Freemasonry... when everybody knows your game
Openness and transparency is all very well, in its place, but I regret that it has reached Freemasonry. An acquaintance I am running into recently, for example, is wearing these pretty blue enamel cufflinks with a set of dividers and an arcane symbol of some sort on them.
"Am I correct in thinking," I ask him, "that those cufflinks are intended to represent an artefact from the Pencil Case of the Great Architect?"
"Yes," he says. "For I am a Freemason."
"Aren't you," I wonder, "supposed to keep that sort of thing under wraps?"

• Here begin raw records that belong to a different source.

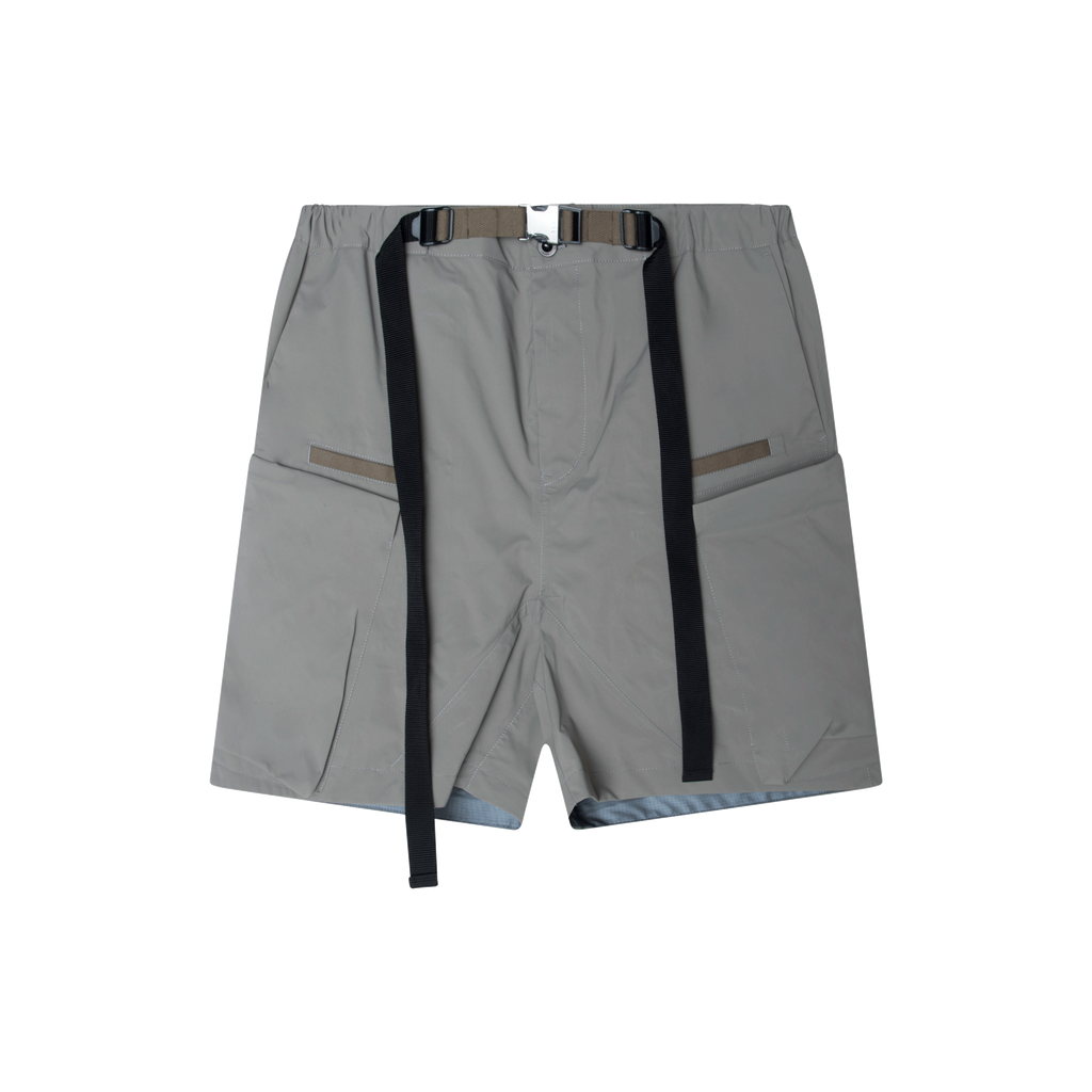 Sacai x Acronym Shorts in Khaki features adjustable integrated belt, zip fly, and 8 pocket styling.
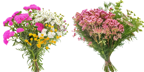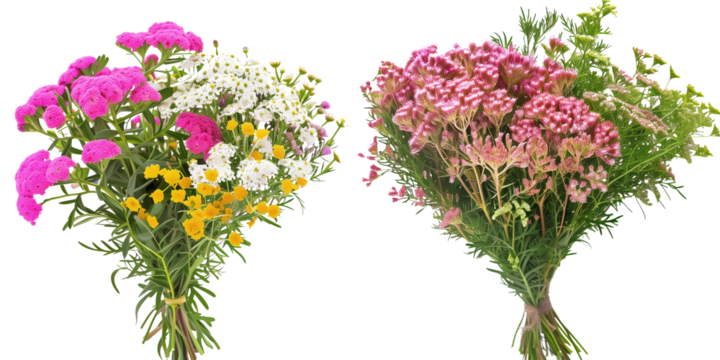 summer season flowers bouquet made with Yarrow isolated on transparent background
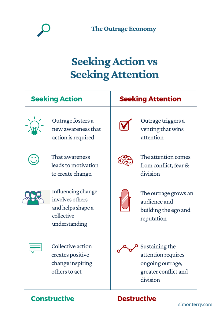 - Outrage seeking Action: a constructive cycle of leveraging outrage externally to seek collective change
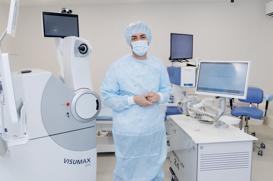 Сегодня мы проводим операции по восстановлению остроты зрения на двух современных аппаратах. Это швейцарский высокоточный комплекс Femto LDV Z8. Здесь выполняются операции по технологии CLEAR. Второй — немецкий аппарат VisuMax 800, на котором проводятся операции по технологии SMILE Pro.
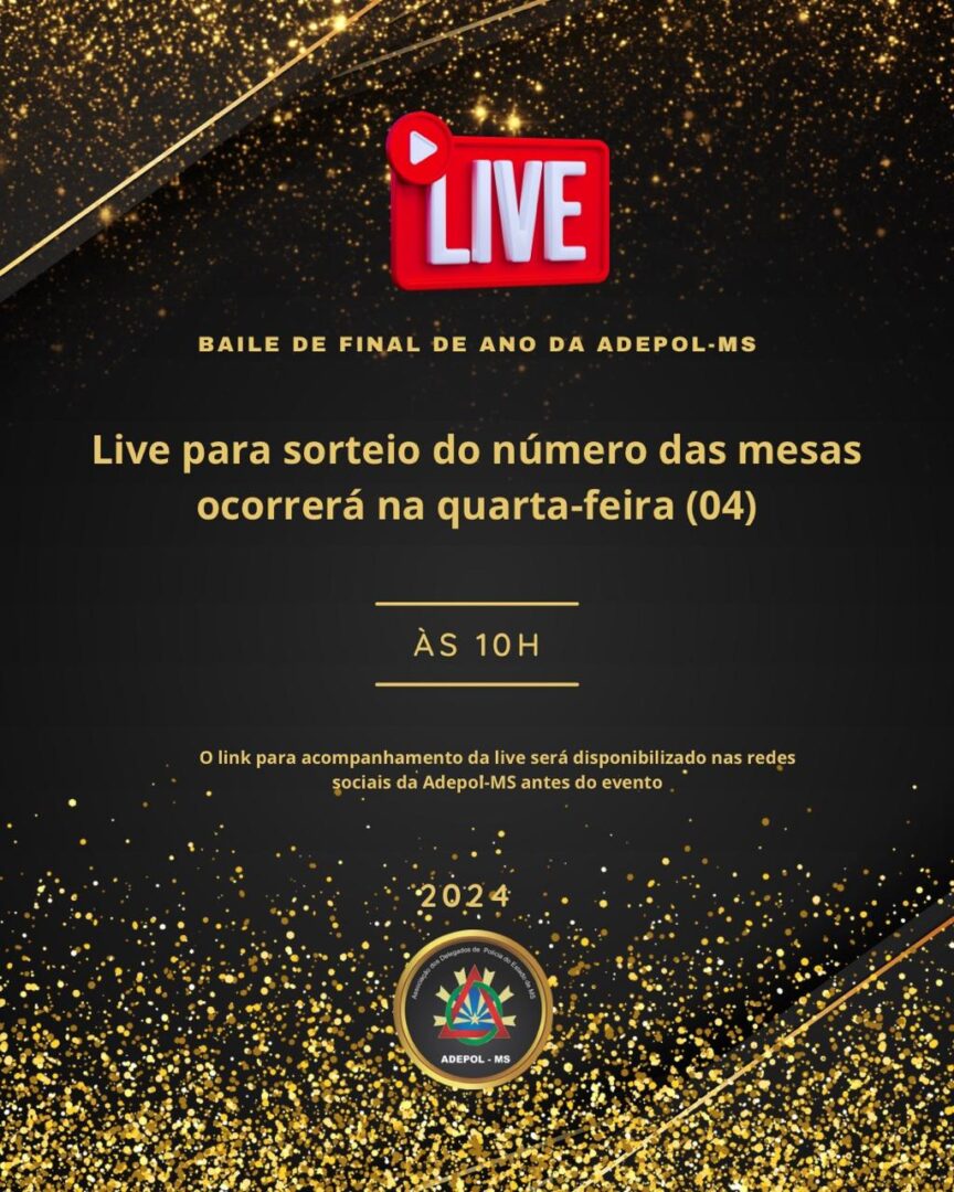 Após o término do período de marcação de presença no Baile de Gala da Adepol/MS, prazo que está sendo de 11/11 até o dia 29/11, na próxima quarta-feira, 04/12, a partir das 10h00, teremos uma live no Youtube em que faremos o sorteio da numeração das mesas.
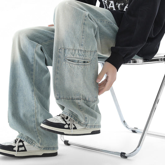 American High Street Multi-pocket Washed Baggy Jeans
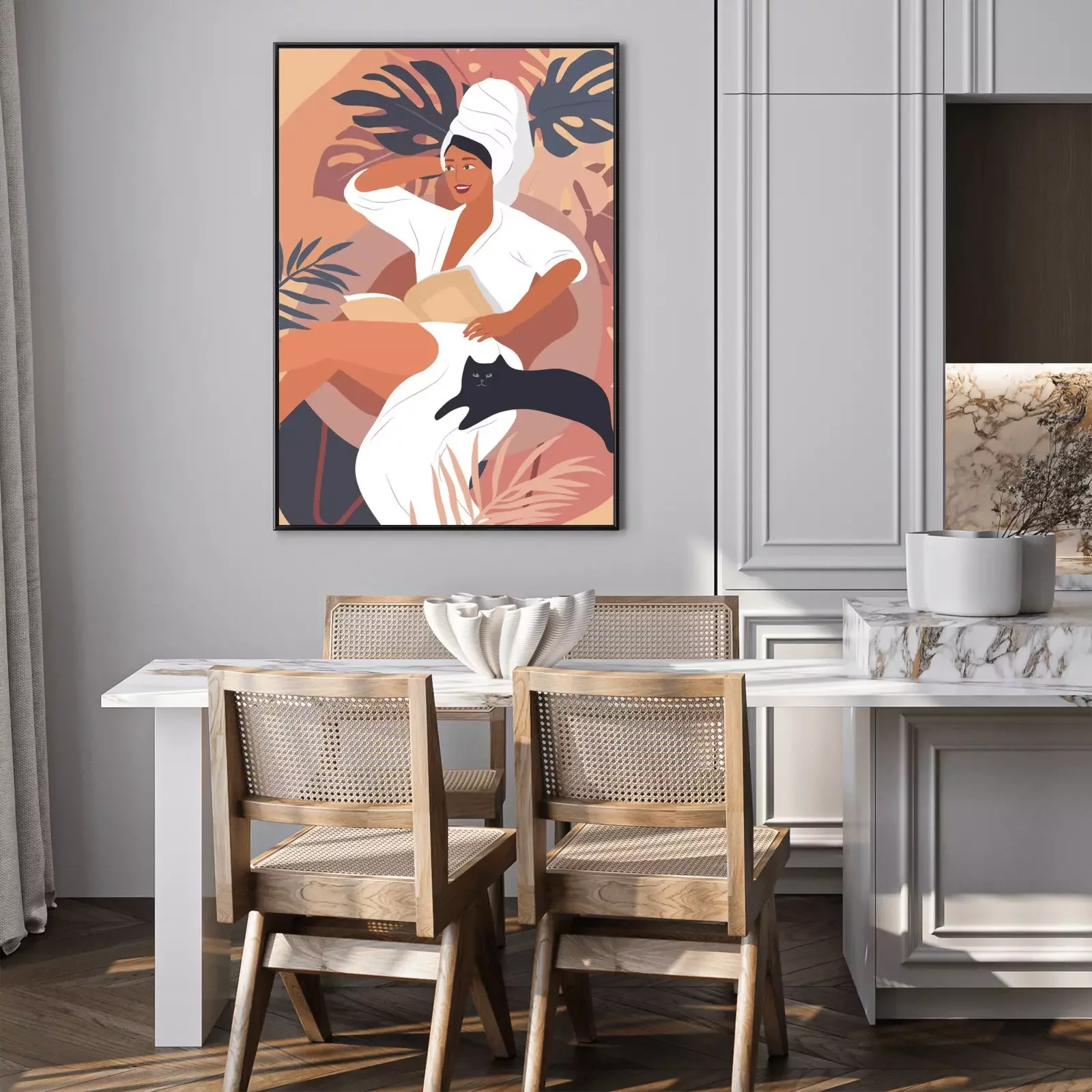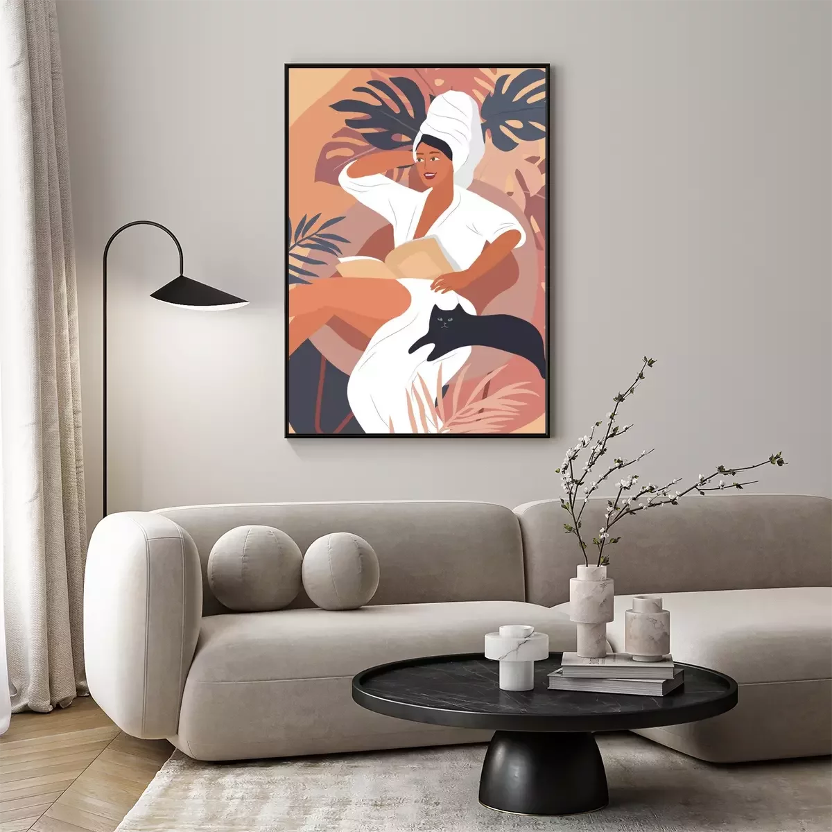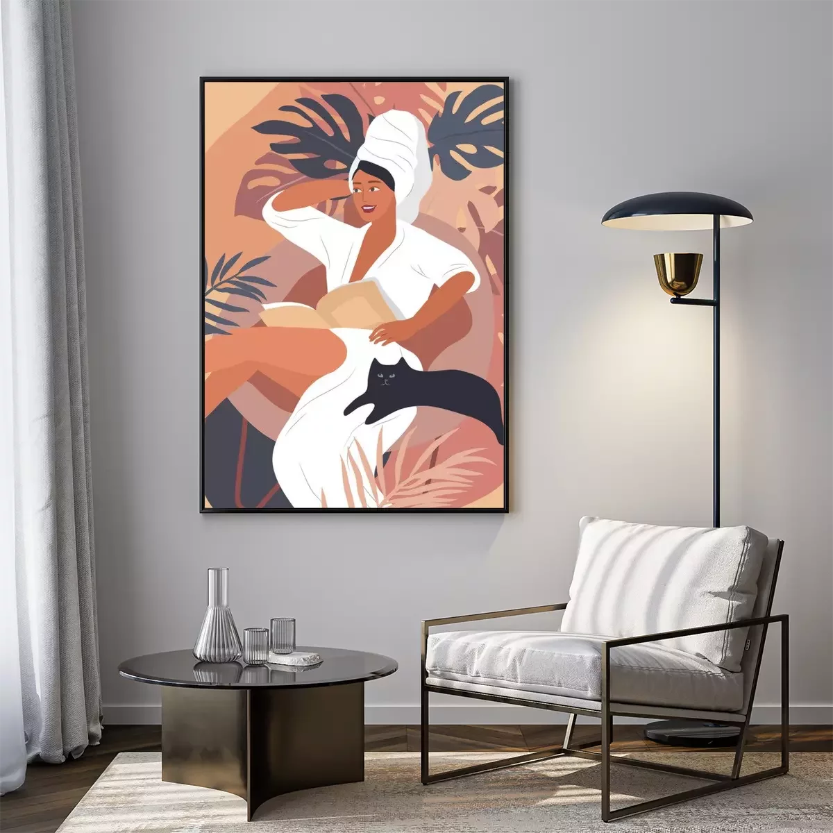Poster: Tevreden vrouw met een kat aan haar zijde
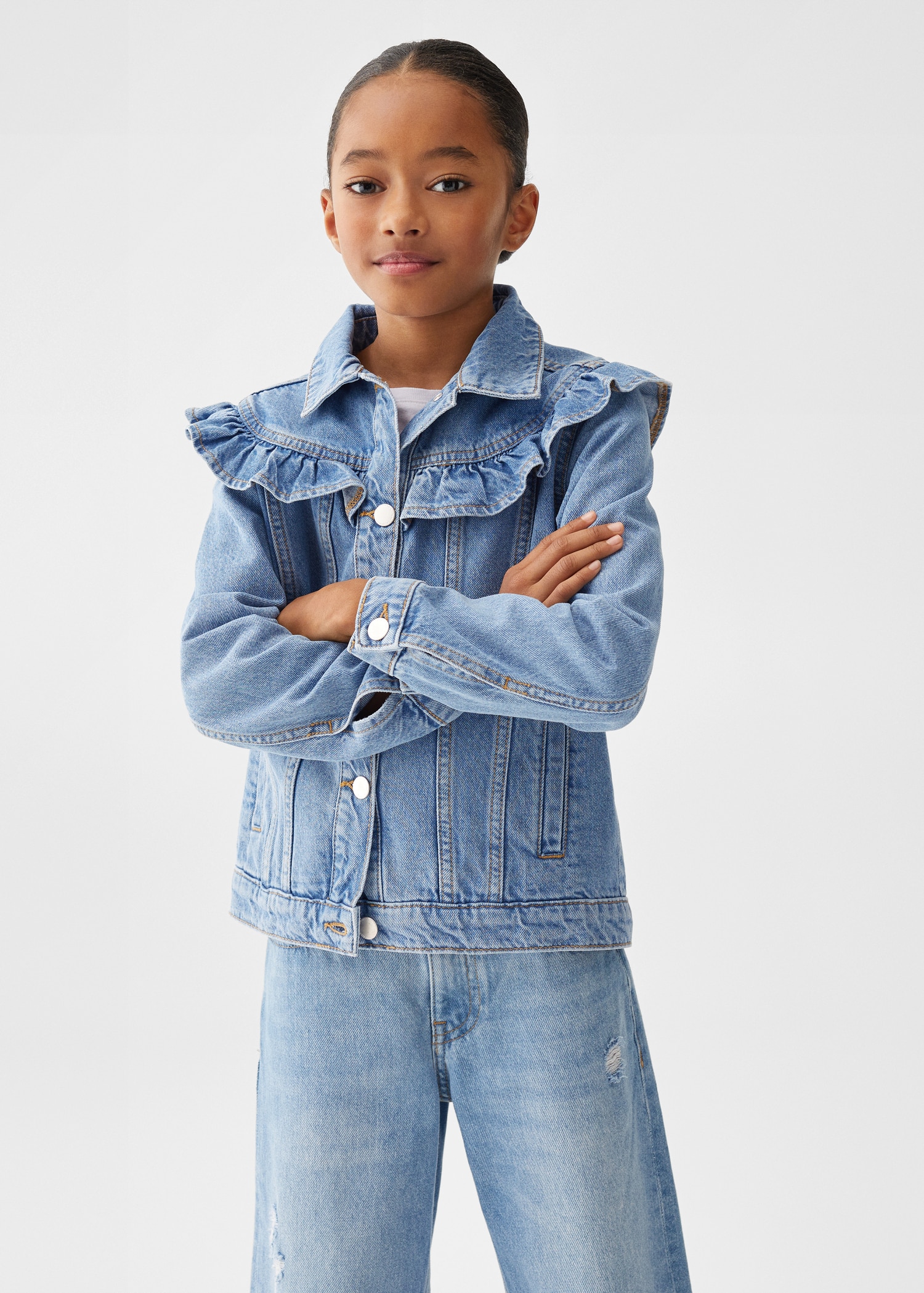 Denim style cotton fabric. Straight design. Two side pockets. Shirt-style collar. Long sleeve. Ruffle details. Button up. This garment is also available in Baby Girl´s collection..
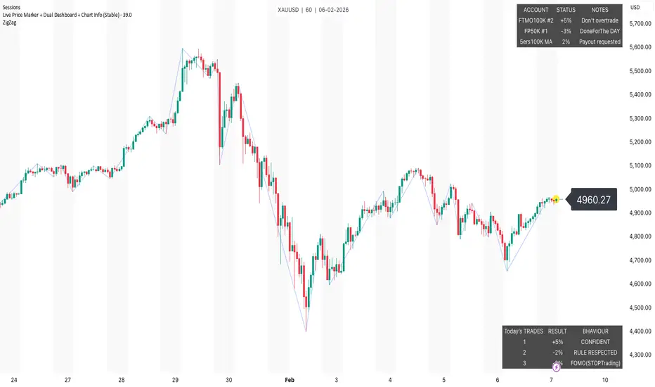 A lightweight, distraction-free trading utility built for price-action and prop-firm traders.This script combines a live price marker, a fully customizable trader dashboard, and a fixed chart-info panel—all anchored to the chart so nothing moves with price.
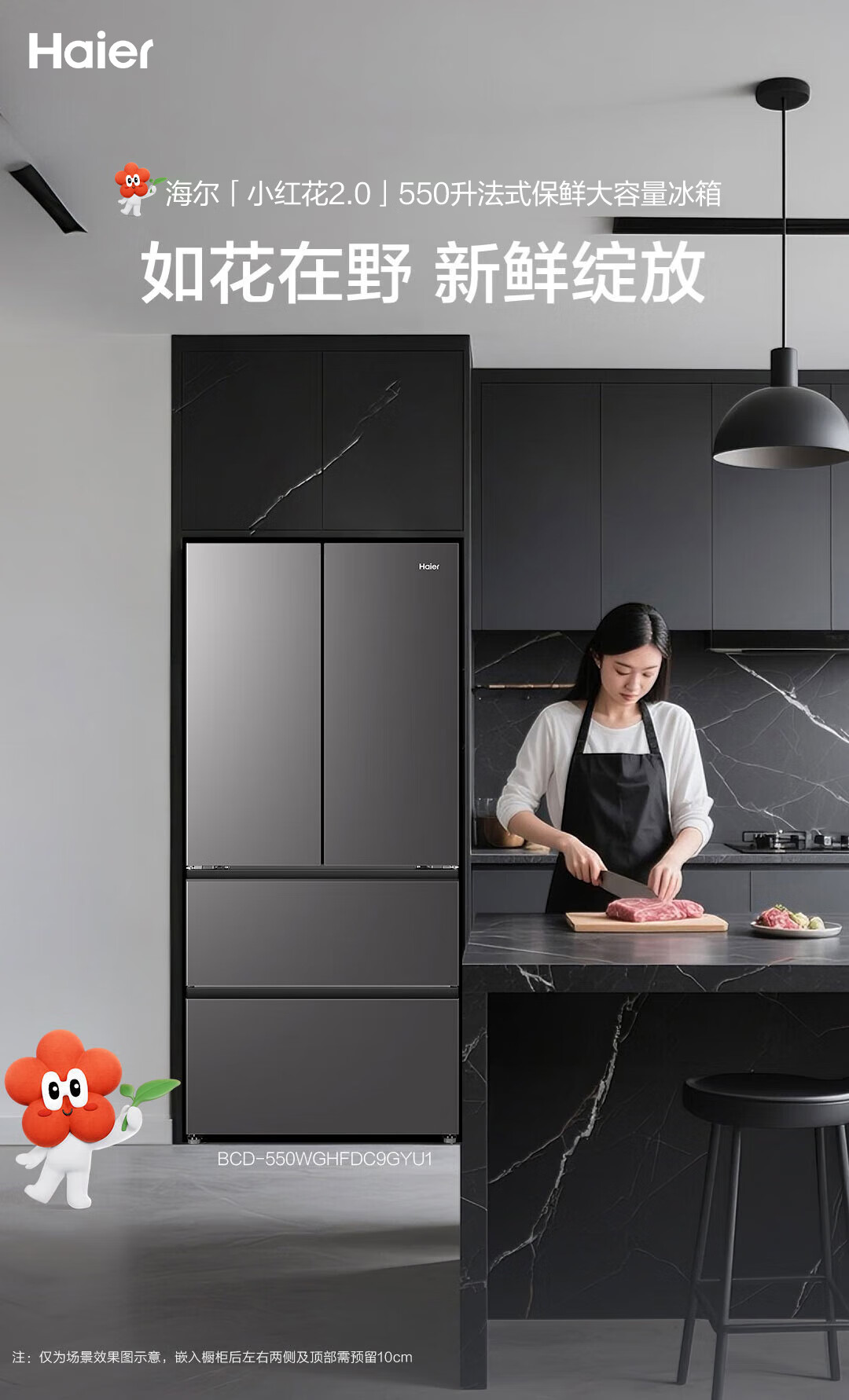 Haier Xiaohonghua 2.0 550L French-style multi-door dual-system dual-cycle household refrigerator first-class energy efficiency 2025 new model BCD-550WGHFDC9GYU1 national subsidy
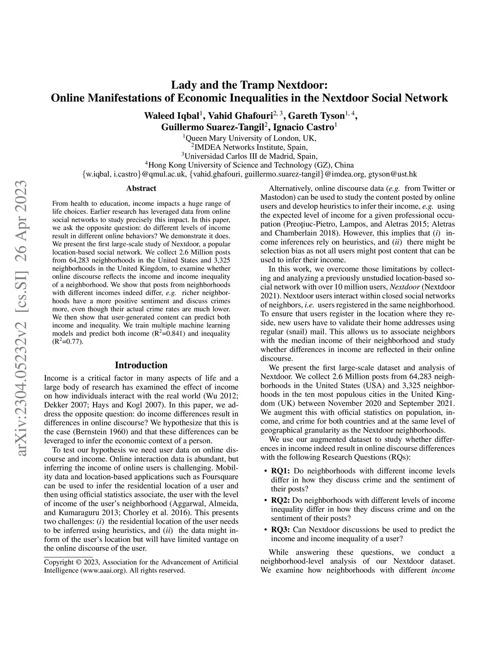 From health to education, income impacts a huge range of life choices. Many papers have leveraged data from online social networks to study precisely this. In this paper, we ask the opposite question: do different levels of income result in different online behaviors? We demonstrate it does. We present the first large-scale study of Nextdoor, a popular location-based social network. We collect 2.6 Million posts from 64,283 neighborhoods in the United States and 3,325 neighborhoods in the United Kingdom, to examine whether online discourse reflects the income and income inequality of a neighborhood. We show that posts from neighborhoods with different income indeed differ, e.g. richer neighborhoods have a more positive sentiment and discuss crimes more, even though their actual crime rates are much lower. We then show that user-generated content can predict both income and inequality. We train multiple machine learning models and predict both income (R-Square=0.841) and inequality (R-Square=0.77).

He raises his shoulders and tells a most doleful tale. "As secret societies go," he says, "we are getting a bit crap. I am calling a cab after a lodge meeting in Oxford the other day, and '333 Banbury Road' is what I am saying to the controller. 'That's the Masonic Centre, innit?' he replies. Bloody taxi driver is knowing the address off by heart. We are supposed to be a bloody secret society. It is all most regrettable."
The Freemasons are an organisation whose historic areas of responsibility include bare male nipples, the Whitechapel Murders, running the Grail Conspiracy and Jim Davidson. Now you can tell them by their cufflinks, everyone laughs at their handshakes, and their lodges are in the Yellow Pages. The more like the Rotarians they become, the less fun it all seems.